その効果は絶大で、利家の姿を見て兵たちは脱走した。
しかし、しんがりの指揮官の周りだけは逃げなかった。
「へっ。よく率いていやがる――すげえな」
逃げ出さないのであれば倒すしかない。
槍を振り回し、迫る兵を寄せ付けず、利家は指揮官へと近づく。
「貴様が! あの前田利家か!」
指揮官――徒歩の山崎吉家が槍を利家に向ける。
他の数十の兵も一斉に向けた。
「おい! 筆頭を死なせるな! 全員でかかれ!」
佐脇が大声を張り上げて利家を援護する。
乱戦となった今、利家は馬上から「俺のことを知っているのか」と訊ねる。
「ああ。龍興殿がお前のことを語っていた……宿敵であると」
「そいつは光栄だな。俺もあいつを認めている……降伏はしねえか?」
一応訊ねる利家に対し、山崎は「悪いがな、私にも譲れないものがあるのだ」と槍を構え直す。
「譲れないもの? それはなんだ? 矜持か? それとも意地か?」
「我が主君、朝倉義景様の期待だ」
「なるほど。そいつは譲れねえな……名乗ってくれや」
利家も槍先を山崎に向ける。
「我が名は山崎吉家! 朝倉家家老の山崎吉家だ!」
「家老自らしんがりか。覚悟ありと見るぜ」
山崎は「わが師、宗滴公はおっしゃった!」と言って、利家に突撃する。
「武者は犬ともいえ、畜生ともいえ、勝つことが本にて候! 今、その教えを体現するとき!」
雄叫びを上げながら山崎は槍を繰り出す。
利家は巻き込むように払って――山崎を突き返す。
ざしゅ、という音とともに山崎の頬から血が噴き出した。
「おのれ――なあ!?」
山崎が驚愕するのは無理もない。
槍を握り直した利家は、そのまま――投擲した。
迫りくる長槍を山崎は間一髪躱せた。
何故、武器を捨てた?
奴の狙いは何だ?
その刹那の思考が山崎の命運を分けた。
利家はいつの間にか馬上から降りていた。
そして――山崎の身体にぶつかるようにして組した。
「く、組手、甲冑術――」
「悪いな。あんたができる男だって分かっちまった。
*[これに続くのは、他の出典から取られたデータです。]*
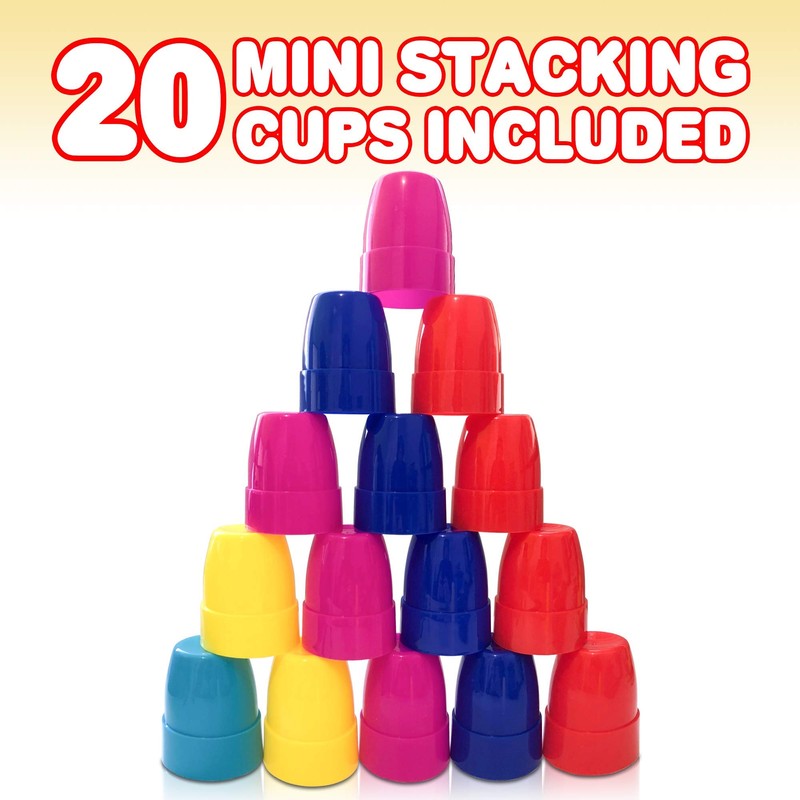 - Comes with 20 small sturdy stacking cups in 5 colors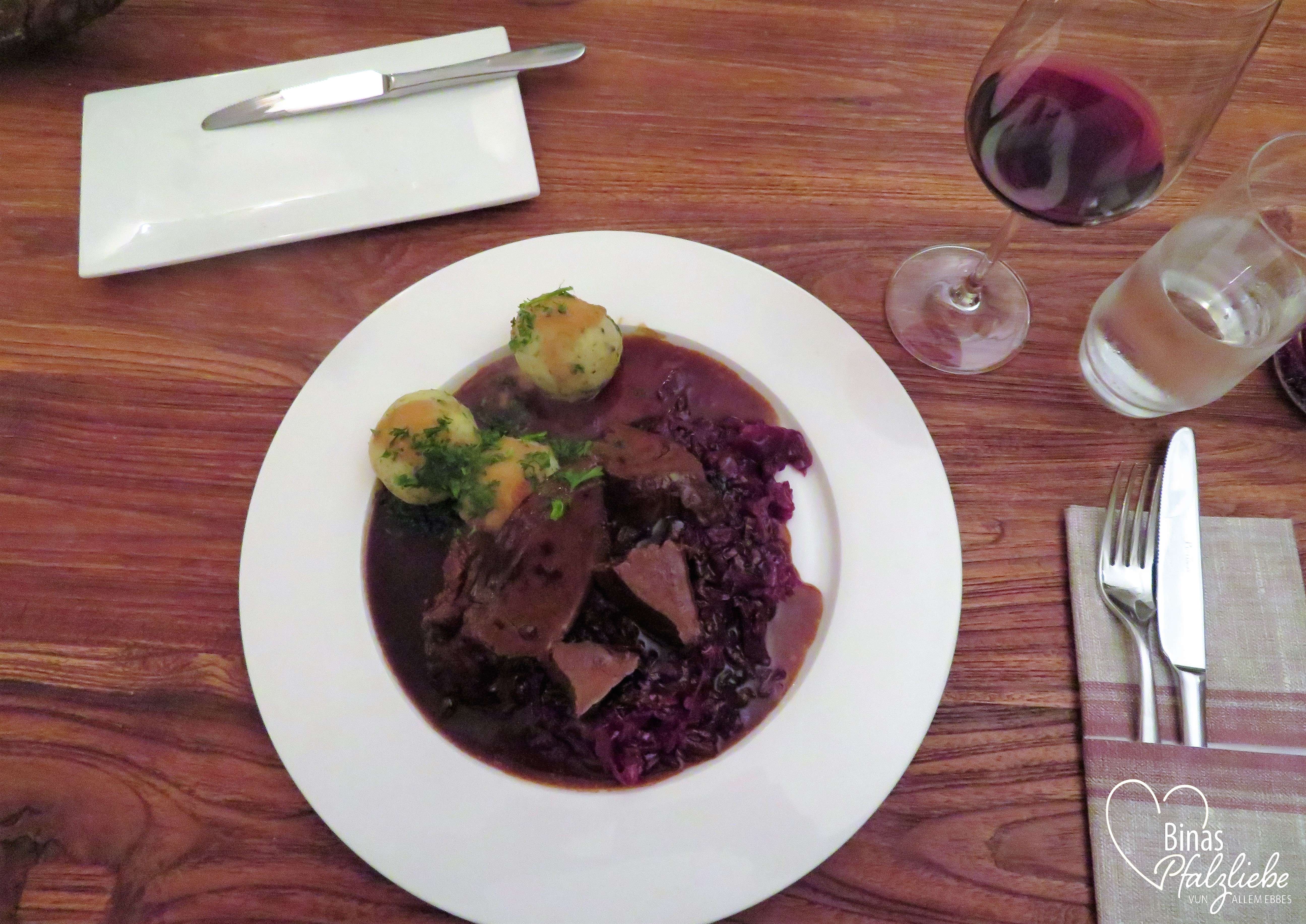 Aus der saisonalen Karte wählten wir unsere Leibgerichte des Abends. Für Nadine gab es gegrillte Lammhaxe mit Ofenkürbis und Kartoffelgratin und für mich die geschmorte Hirschkalbskeule mit Rotkohl und Schneebällchen. Letztere sind nach einem Rezept der Oma gemacht. Ich kann Euch gar nicht sagen, wie sehr ich mich freue, dass nun auch auf den Speisekarten der Herbst Einzug hält und es wieder so viele Schmorgerichte und Wildspezialitäten gibt. Wir haben es uns schmecken lassen und zum süßen Abschluss gab es noch eine Portion Arme Ritter mit Rotweinzwetschgen und Vanilleeis für jeden. Genuss pur und eine tolle Restaurant-Empfehlung meiner lieben Blogger-Kollegin!
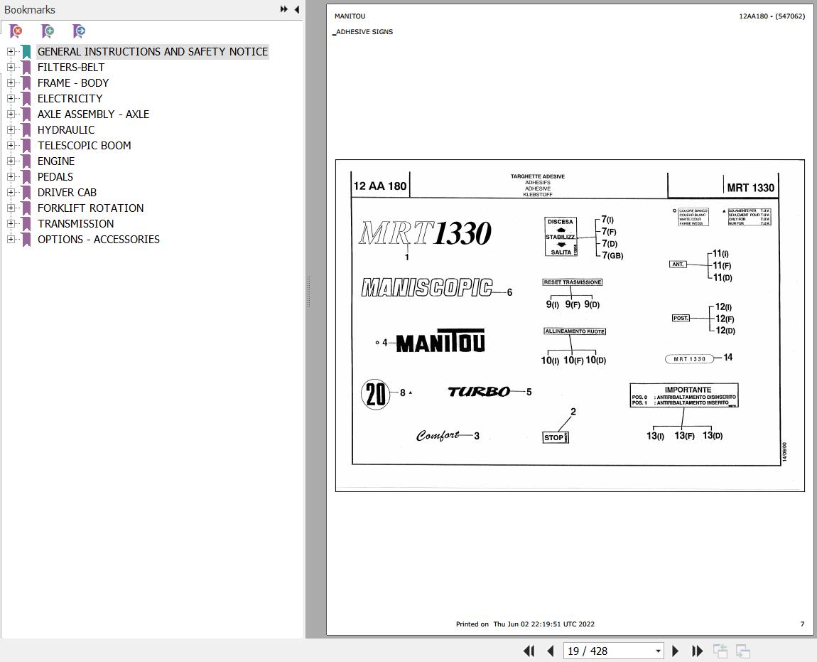 The Bookmarks Of Manitou MRT 1330 TURBO MOT 1004 4T Telescopic Handler Parts Catalog:

だからこの方法しかなかった」
利家は脇差を抜いて――山崎の鎧の隙間を刺した。
身体中が痙攣し、そのまま仰向けに倒れてしまう。
利家は地面に突き刺さった自分の槍を引き抜き、倒れている山崎に向けた。
「俺の勝ちだ。その首もらい受ける」
「……最後まで、油断しないのだな」
「ああ。近づいたら脇差で俺を刺すつもりだろう」
喧騒が次第に小さくなる戦場。
決着はもうついている。
「辞世の句を詠むか?」
「ふ、ふふ、要らぬよ……」
山崎は目を閉じた。
そして若き日の自分と存命だった宗滴のことを思い出す。
「無念だが、悪い人生では、なかった……」
山崎吉家、刀根崎の戦いにて――討ち死。
利家は見届けた後、ある予感を感じていた。